Moreover, every bank holding company would have as part of its
name the abbreviation bhc or spb(13)
(s. 696(2)).
The
bank holding company would be required to be non-operating.
Its permitted activities would include acquiring, holding and administering
permitted investments as well as providing management, advisory, financing,
accounting and information processing services to entities in which it
has a substantial investment(14)
(s. 922(1)(a) and (b)). The
bank holding company could also conduct any other prescribed business
(s. 922(1)(b) and (c)). It
would not be permitted to undertake any core banking or financial services
functions such as credit assessments.
No
bank holding company would acquire control of, or increase a substantial
investment in, any entity other than a permitted entity (s. 928(1)).
Permitted entities, which would require the Ministers prior
written approval (s. 930(5)), would be defined as:
-
financial services providers formed and regulated under
federal or provincial legislatures which would include a bank,
a bank or insurance holding company, a trust corporation, a loan company,
an insurance company, a co-operative credit society and an investment
dealer; or,
-
a foreign entity primarily engaged outside Canada in
a business that, if carried on in Canada, would be the same business
as the activity of a permitted Canadian entity (s. 930(1)).
The
bank holding company also would be required to own a majority of the shares
of its bank subsidiary (or a bank holding company subsidiary), which would
result in both de jure control and control in fact of the bank subsidiary
(paragraph 930(4)(a)). Other
regulated affiliates would be subject to control in fact,
where a minority of shares could be held, but control could nevertheless
be exercised by direct or indirect influence (paragraph 930(4)(b)).
The same control restrictions would apply to affiliates that engage,
as part of their business, in any financial activity that exposes the
entities to material or credit risk (e.g., credit cards, small business
loans, consumer loans) (paragraph 930(4)(c)).
Furthermore,
a bank holding company could control:
-
any entity whose business is limited to providing financial
services that a bank is permitted to engage in;
-
any entity providing services exclusively to another
financial services entity, as long as the entity is also providing
those services to the bank holding company or any of its members;
-
a mutual fund entity or a real property brokerage entity
(s. 930(2));
unless
the entity was engaged in the business of accepting deposit liabilities,
or any activity that a bank was not permitted to engage in (s. 930(3)).
Finally,
a bank holding company and its subsidiaries could only acquire shares
or ownership interests of an entity, other than permitted investments,
up to a point that the aggregate value of those ownership interests, plus
the value of its interests in or improvement to real property, did not
exceed the prescribed percentage of its regulatory capital (s. 938, 939
and 940).
F. Ownership
Bank
holding companies would be divided into three main classes: ones with
equity of $5 billion or more; ones with equity of between $5 billion and
$1 billion; and ones with equity of less than $1 billion.
A
bank holding company with equity of $5 billion or more would have to be
widely held, i.e., no shareholder could hold more than 20% of any class
of voting shares, and no more than 30% of any class of non-voting
shares (s. 876 and 2.2).
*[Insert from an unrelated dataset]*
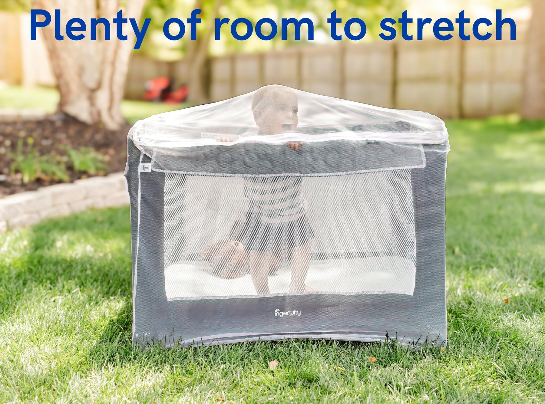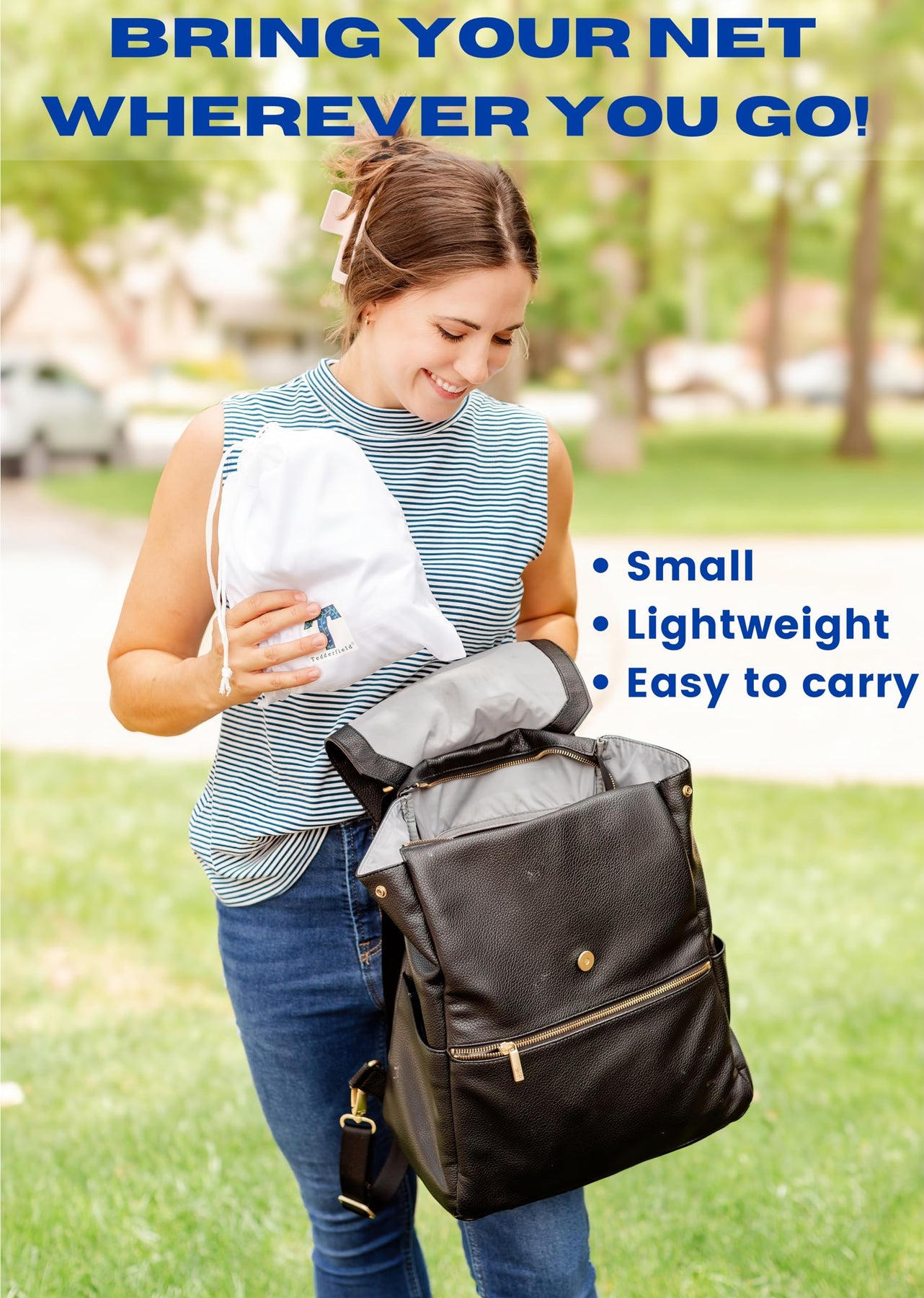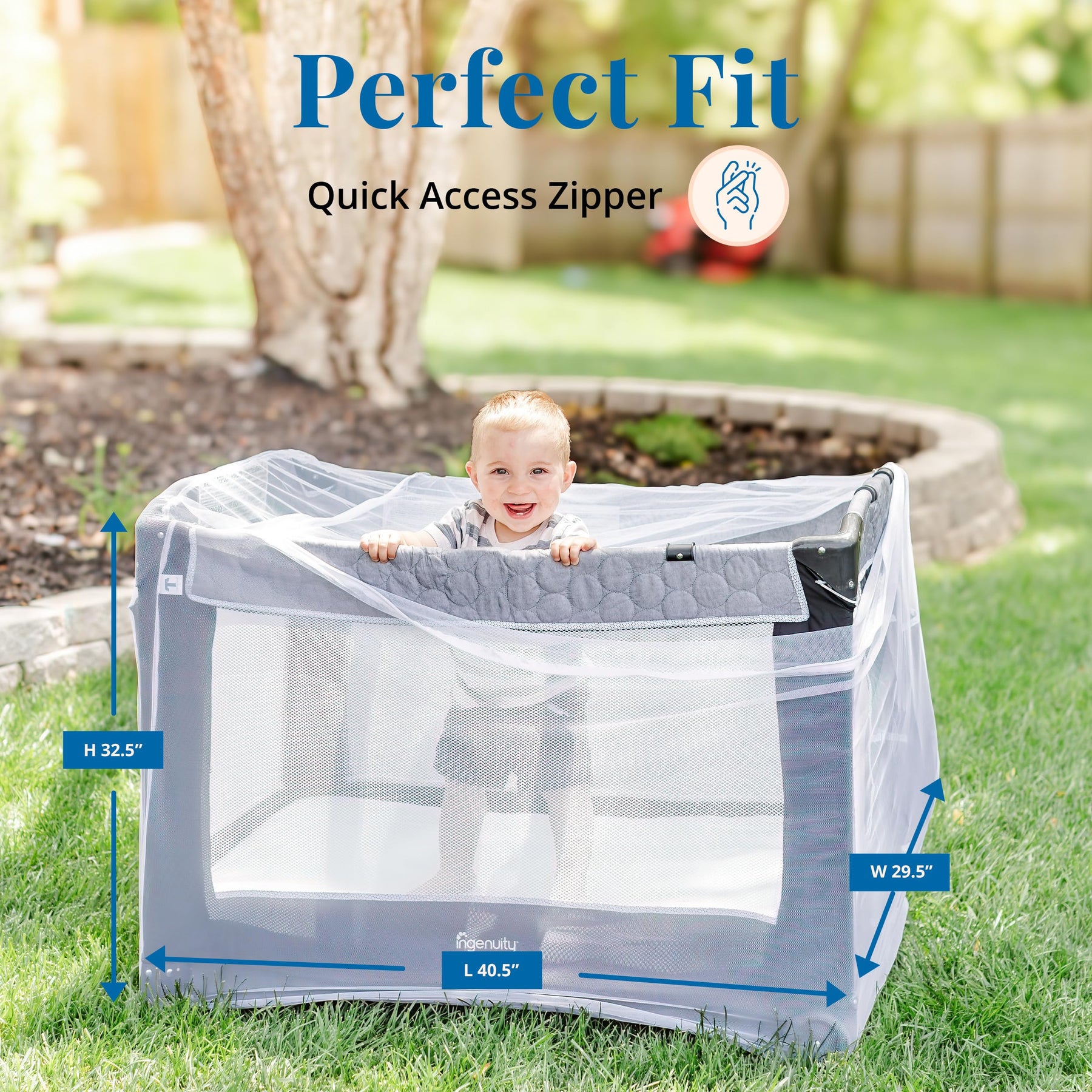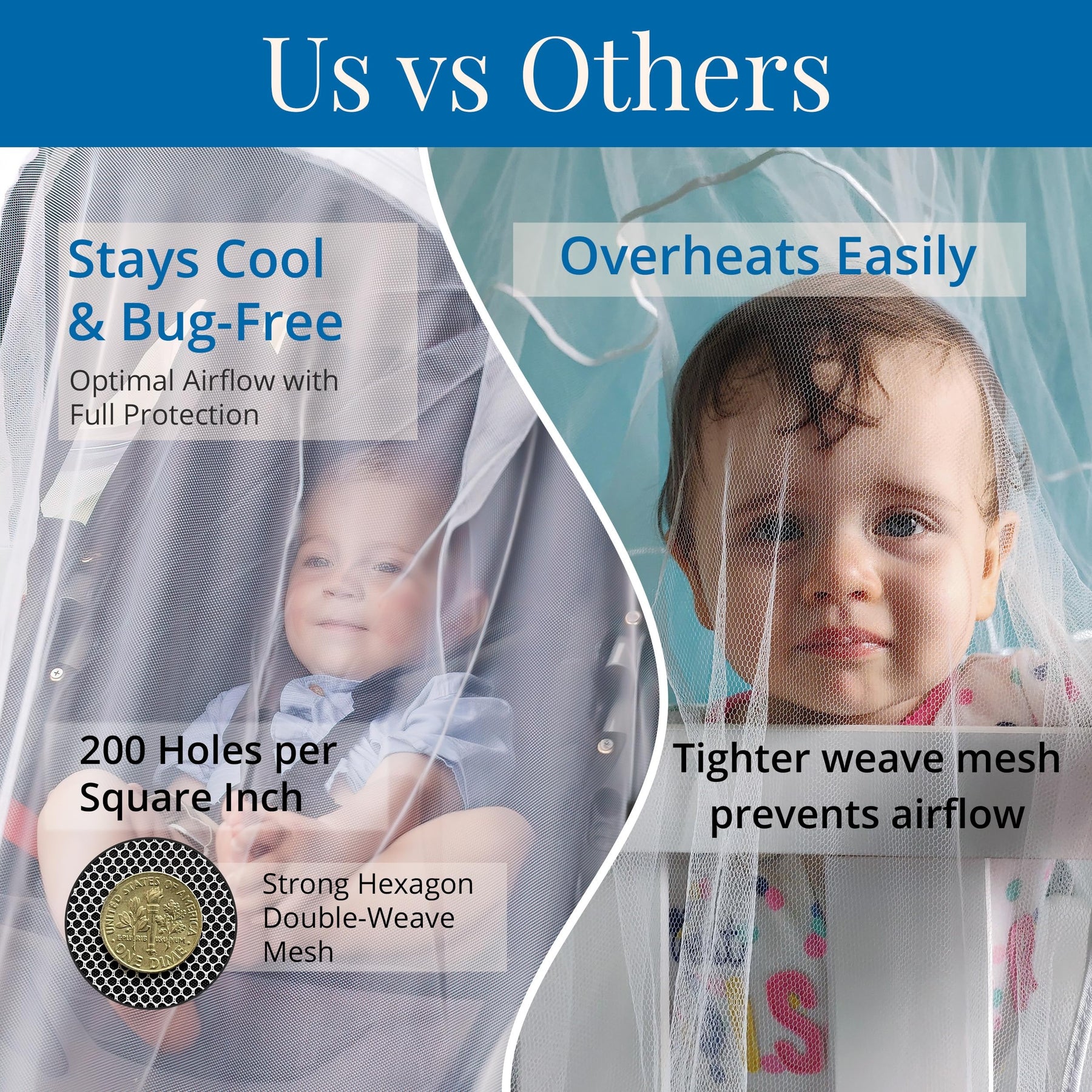 2-WAY ZIPPERS ALLOW FOR FAST ACCESS – Use the high-quality zippers to quickly reach your baby. No more fighting with the elastic you’ll find on cheaper baby mosquito nets to tend to your child! ADAPTABLE TO FIT MOST BABY GEAR – With the drawstring base, this net is a stroller mosquito net cover, a pack and play mosquito net cover, a bassinet mosquito net cover, etc. Cover a standard size playpen or playard, jogging, double or regular stroller, bassinet, baby backpack carrier, bouncer, rocker chair, portable travel crib, etc. DIMENSIONS: L40.5” x W29.5” x H32.5”. (Please note: Playpen NOT included). PREMIUM QUALITY AND SUPERIOR AIRFLOW – The double-weave hexagonal mesh is twice as strong and more durable than that found on cheaper brands. The mesh size allows for excellent air flow while keeping bugs away to keep your child comfortable and bite-free. Chemical free. LIGHTWEIGHT, EASY TO CARRY AND USE – Cover your baby gear, pull the base drawstring tight, and use the zippers for access. This mosquito net for pack and play, strollers and other essential baby gear is sturdy, lightweight, easy to take with you anywhere you go. MACHINE WASHABLE – place the mosquito netting in a mesh laundry bag, wash in cold water, delicate cycle and line dry. INCLUDES a cloth carry bag and whimsical teddy bear zipper pulls. PERFECT BABY SHOWER GIFT!

Shareholders
wishing to hold more than 10% ownership would have to obtain the approval
of the Minister. In determining
whether to approve a transaction, the Minister would review the applicants
character and integrity as a businessperson (s. 906).
Moreover,
the widely held requirement would apply to the total direct and indirect
ownership of a bank subsidiary that is itself controlled by a widely held
bank holding company with equity of $5 billion or more.
Other than the controlling bank holding company, no other shareholder
could hold more than 20% of any class of voting shares of the bank
subsidiary, and no more than 30% of any class of non-voting shares (s.